= Ashley T. Johnson =

American FBI official

Ashley T. Johnson is an American Federal Bureau of Investigation (FBI) official who has led the FBI's field office in St. Louis, Missouri since 2024. She is the first woman and first black woman to hold the position.

==Early life and education==
Johnson was born to teachers Clinton and Barbara Johnson and was raised in Mobile, Alabama. As a child, she was inspired to pursue a career in law enforcement after watching Matlock. She studied education for the first year and a half of her studies at the University of South Alabama before transferring to criminal justice. She achieved her bachelor's degree there in addition to a master's degree in sociology with a concentration in criminology. After college, she spent three years as a probation officer for the Mobile County Drug Court before returning to school at the University of Alabama to receive her master's degree of social work in public policy and social welfare. Johnson then became a child abuse investigator and a psychiatric social worker.

==Career==
Johnson joined the FBI in 2007, when she began working as a special agent investigating civil and white-collar crimes in New Orleans, Louisiana. She was encouraged to join the FBI by one of her grad school teachers, former Mobile police chief Sam Cochran. In 2011, Johnson was promoted to supervisory special agent in the Cyber Division.
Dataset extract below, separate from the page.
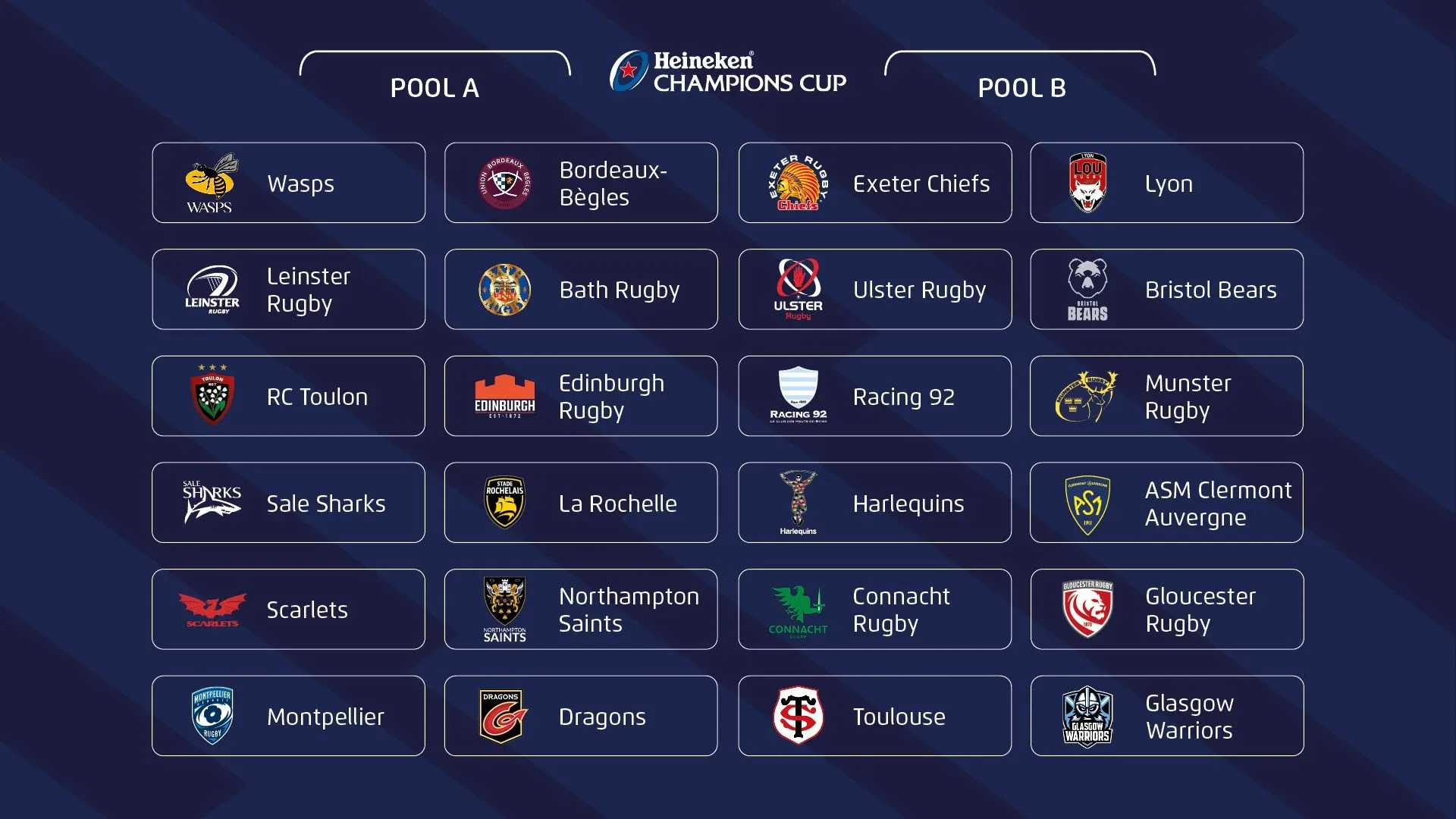 Ce sont donc les huit meilleures équipes des championnats de Top 14, du Gallagher Premiership et du Guiness Pro14 qui se disputeront le Graal européen. Les équipes sont réparties dans quatre chapeaux suivants leur place au classement à l’issue de la saison dernière. Cette année, les équipes issues du même championnat et du même chapeau ne pourront pas s’affronter en phase de poules. Les clubs du chapeau 1 joueront ceux du chapeau 4. Ceux du chapeau 2 avec le chapeau 3. Chaque club disputera quatre matchs avant de s’offrir ou non une place pour les quarts de finale.

She moved to the Atlanta Division in 2013, where she would supervise the division's domestic terrorism squad. Johnson additionally was tasked with creating and sustaining an airport squad at Hartsfield–Jackson Atlanta International Airport in 2017. In 2018, she was appointed assistant special agent in charge of the Atlanta Division’s Criminal Branch. During her tenure, she established the Atlanta Development and Leadership Council "with the intent to create professional development opportunities for current and aspiring leaders". Johnson joined the Human Resources Division at the FBI's headquarters, the J. Edgar Hoover Building, in 2020. In 2024, she was appointed as the special agent in charge of the St. Louis Field Office by director Christopher A. Wray, becoming the first woman and first black woman to do so.